As Gurule began to stand, the other officer noted a visible bulge in Gurule's right-front pocket. That officer took hold of Gurule's right arm as a protective action. He then observed a gun in Gurule's right-front pocket. Both officers handcuffed Gurule before confiscating a pistol. Gurule's equivocal response to questioning about his criminal history prompted further investigation, which revealed a prior felony conviction. He was arrested and-in a post-arrest interview-confessed to knowingly possessing the pistol.

Gurule subsequently filed a motion to suppress both the firearm and his post-arrest statements, arguing they were fruits of an unlawful detention and search. After an evidentiary hearing at which both officers testified, the district court concluded Gurule should have been free to leave the scene on foot before the protective search. The district court also found that-even had Gurule's detention been lawful-the officers had not developed the requisite reasonable suspicion to frisk him.

II. Analysis

The government contends that (1) the officers were permitted to detain Gurule until completion of the traffic stop; and (2) the protective search was lawful since-during the detention-officers developed reasonable suspicion that Gurule was armed and dangerous. We agree.

We accept the district court's factual findings "unless they are clearly erroneous." United States v. Burleson , 657 F.3d 1040, 1044 (10th Cir. 2011) (quoting United States v. Caro , 248 F.3d 1240, 1243 (10th Cir. 2001) ).1 But we review de novo the district court's legal conclusions, including "the ultimate determination of reasonableness under the Fourth Amendment." Id . (same).

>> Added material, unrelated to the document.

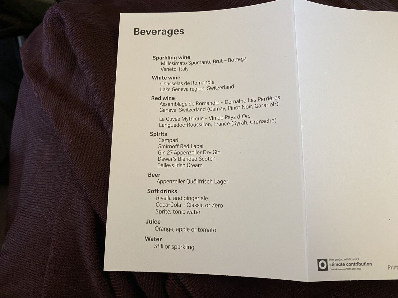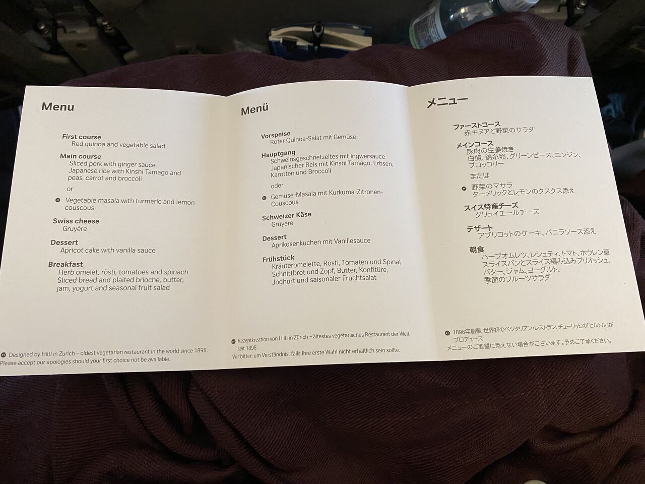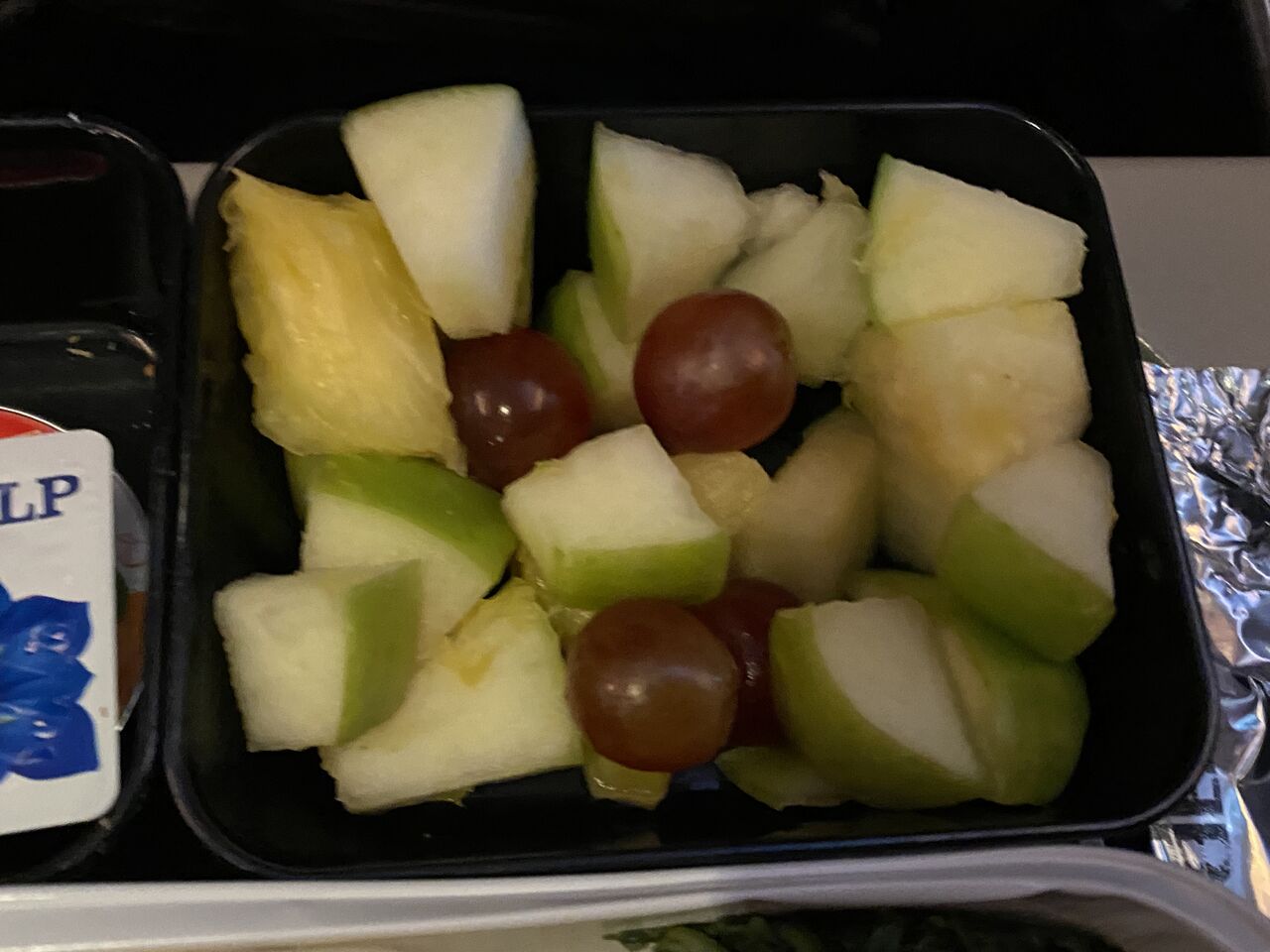自分が食べた機内食は青りんご中心の上の画像の物でしたが、ツレの者はメロンがメインでぶどうは全く入っていませんでした。スイスっていろんな物事に精密で厳格なイメージがありましたが、今回の旅行では多々アバウトなんだなぁと思うことがありました。

A. The Traffic-Stop Detention

Traffic stops are seizures subject to the Fourth Amendment's requirement *883for reasonableness. See, e.g. , Rodriguez v. United States , --- U.S. ----, 135 S. Ct. 1609, 1614, 191 L.Ed.2d 492 (2015). It is well-established that the "touchstone" of this inquiry "is always the reasonableness in all the circumstances of the particular governmental invasion of a citizen's personal security."